Implanting microchips into people’s brains is a staple of the sci-fi genre, usually to give some extraordinary cognitive ability, like learning how to fly a helicopter in the blink of an eye, or learning kung fu without having to spend years training. But the real versions of these chips, which are currently being worked on by British scientists, won’t do anything quite so fancy. Instead, they will allow paralyzed patients to do simple things we take for granted, like picking up a cup.

“The guy can see the object he wants to reach, the guy can have the intention to reach to the object, the brain can send a command to the arm – ‘reach for this cup of tea’ – but the signal gets broken at the level of the spinal cord,” said Professor Rodrigo Quian Quiroga of the University of Leicester. “If we can get the signals from these neurons and interpret them with what is called decoding algorithms, then we can move a robot device placed on the paralyzed arm.”
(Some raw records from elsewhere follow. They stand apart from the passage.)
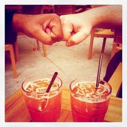 Keywords: TwoLaytons.jpg en Two mixed drinks known as 'Layton's and a fist bump in the background http //instagr am/p/K__gF/ andrewmcyntire 2011-08-22 Personal Photograph Fist bumps Proximal phalanges of the hand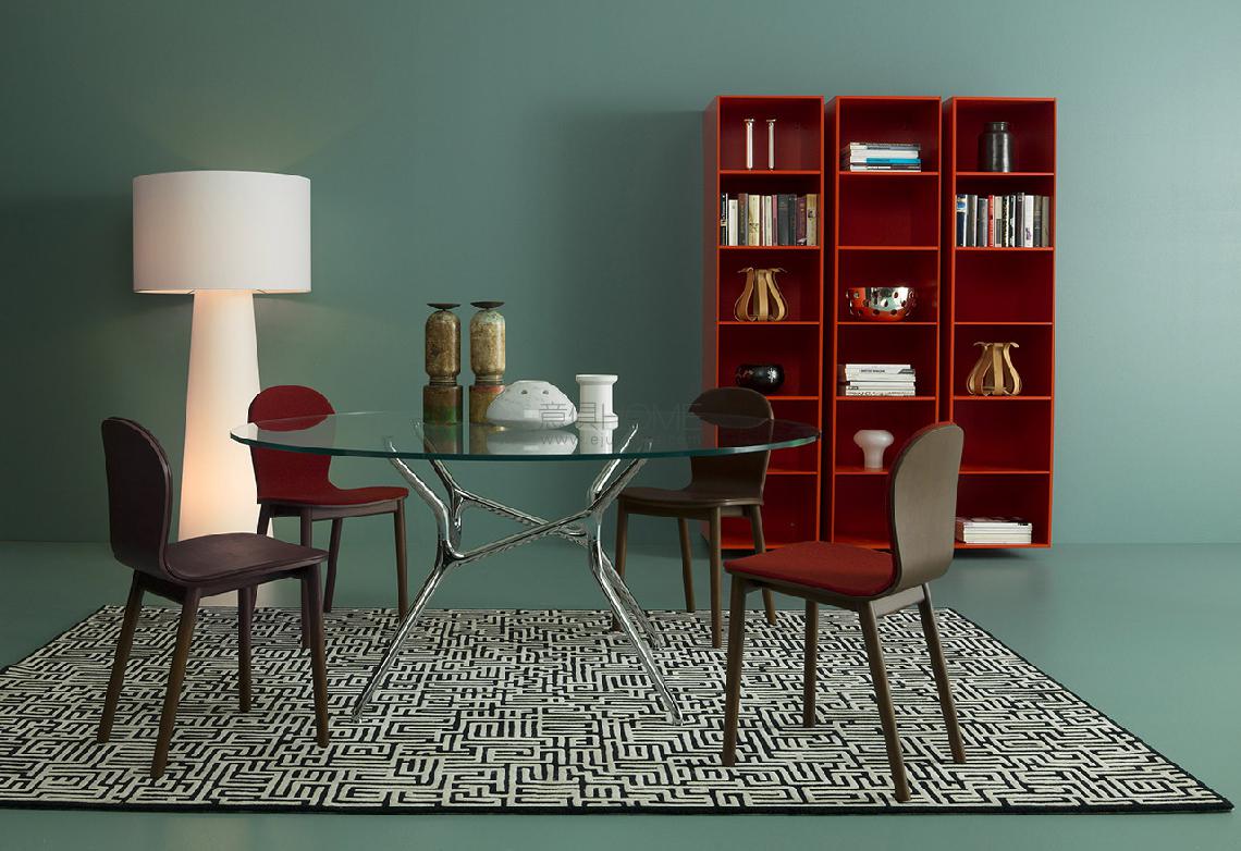 Easy to assemble and suitable for both residential and contract settings, the Branch Table is compact during transport. The table top is available in several versions: extra-light glass; matte lacquered in the colours from the collection; wood (oak with a natural or wengé finish, black canaletto walnut). The base comes with a matte finish, in white, anthracite or mud.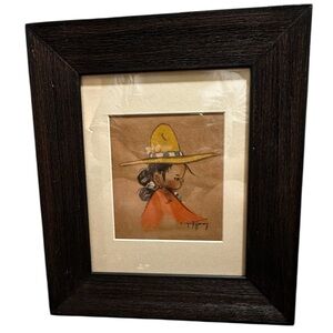 This vintage Gerda Christoffersen lithograph print features a handpainted Native American girl, framed in a 8x10 frame. The artwork captures the essence of Tewa culture with a unique style and theme, making it a beautiful and historically significant piece for art collectors. Made in the United States, this original print showcases the artist's talent and attention to detail, adding a touch of authenticity to any art collection.

Quiroga hopes that the technology will be available within five years, but says that making the chips wireless is proving to be a big challenge. The chips will produce tens of thousands of data points and without a wire that much information is hard to send. “It’s a huge amount of data, so the bandwidth won’t be enough,” he said. ‘”We’re trying to do some basic processing on the chip to reduce the bandwidth. So instead of 30,000 data points per second, maybe we’ll be sending 100 data points per second, or 1,000.”